Tween

Confessions of a STEM Girl

by Stacy McAnulty

Photo credit: Russ Rohde, Cultura Collection/Getty Images

Technically, I’m the E in STEM. My degree is in mechanical engineering, and before becoming a full-time writer, I worked in the automotive and aerospace industries. But my first STEM love was M. Can I get a hip-hip-array for MATH?

In my debut middle grade novel, The Miscalculations of Lightning Girl, the main character Lucy is a 12-year-old math genius and an all-around numbers nerd. And I mean this as the highest compliment. She is not me. I am not a genius. But I am a STEM girl and have been since stem was only part of a plant and not a career path.

Here’s what being a “STEM girl” has meant for me:

I Don’t Always Fit In

Lucy doesn’t fit in because of her math prowess and the issues that accompany her savant syndrome, but everyone has feelings of not belonging at some time. I sure did as a kid and still occasionally do as an adult. For example, I’ve participated in numerous author panels where we joyfully talk about books, reading, and writing. When the discussion turns to our childhoods, the other authors tell stories about their lifelong love of literature. I devoured everything I could get my hands on. I spent hours in the library. Books were my only friends. I started sneak-reading my mom’s Stephen King books at age eight. When the mic is moved in front of me, my knees shake because I’m going to give the “wrong” answer — I didn’t like reading as a kid. I liked … math.

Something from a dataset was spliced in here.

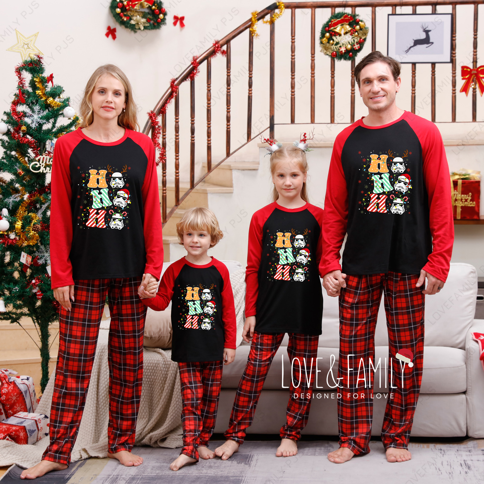 Hohoho! Star Wars Christmas Family Pajamas Red-Sleeve Nightwear Set(Black)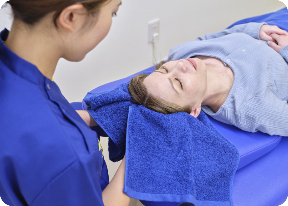 当グループでは、スパのように頭を直接揉んだり触れるような施術ではなく、重たい頭を支えている首の緊張を全身から緩ませていきます。 ですから、直接触れないほど痛む方でも施術を受けていただけます。 ※ひどい頭痛の方には、痛みを取り除くために機器を患部や首に使用する場合もあります。 首がしっかり頭部を支えられるよう姿勢改善を目指して、骨盤・骨格のゆがみの矯正+首肩周辺の緊張を緩ませる施術を、「お客様の負担が少ないこと」を心がけた手技でおこないます。

Good at Math, Bad at English

I hate to reinforce the stereotype, but it was true for me. In the middle of fourth grade, I started at a new school where we had silent reading after recess. My first assigned book was How to Eat Fried Worms. (I honestly have no memories of reading any novels at my prior school. None!) I could not read this book. I didn’t have the skills. So instead, I would count the words then turned the page, thinking my teacher would never notice that I was faking it.

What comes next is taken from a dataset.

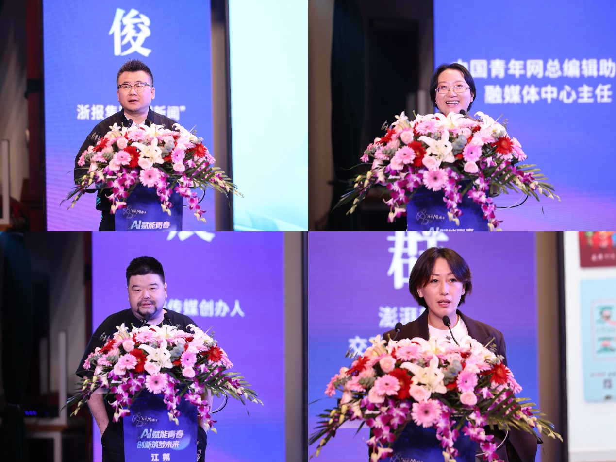 随后,智媒传播与新媒体发展论坛举行。浙报集团“潮新闻”常务副总编童俊,中国青年网总编辑助理、融媒体中心主任杨月,熊猫传媒创始人申晨,澎湃新闻交互设计部总监赵冠群4位业界嘉宾从主流媒体转型实践经验、融媒时代深入理解青年文化、AI与新媒体带来的新机会、媒体可视化产品的表达创新等角度作了精彩分享。

When this new teacher taught math, I sat up straight, paid attention, and raised my hand. When the subject was reading, writing, or, heaven forbid, spelling, I sank so low in my chair that my eyebrows would be in line with the desk. By middle school, I gained the unofficial label: good at math, bad at English.

Please Give Me Math Homework

From elementary school through college, I secretly hoped teachers would assign math homework. I didn’t go to Lucy’s extreme and seek out other students’ homework when I had none. But working out problems was fun, and I could do it while listening to Duran Duran or watching “DuckTales,” “General Hospital,” or “Oprah.” (I was diverse and prolific in my TV watching.) On the other hand, reading or memorization assignments required my complete concentration. That was hard work! Now, as a mom of three (nice prime number, right?), when my kids shout, “I need help with my homework!” I still secretly hope that they pull out an algebra worksheet.

Math Made Me a Winner

My mom used to buy a weekly lottery ticket — not scratch-offs but the kind where you picked the numbers and hoped to match them with the Ping-Pong balls. Her numbers corresponded to family birthdays and after months (maybe years) of playing, she got frustrated. “It’s always the same numbers, and they’re never mine!” So we began tracking lottery numbers together. We didn’t have the Internet or spreadsheets. We got the numbers from the newspaper and wrote them in a graph paper notebook.  This was my introductory lesson to statistics. Then, in October of 1991, my mom finally hit the big —  kidding! We never won.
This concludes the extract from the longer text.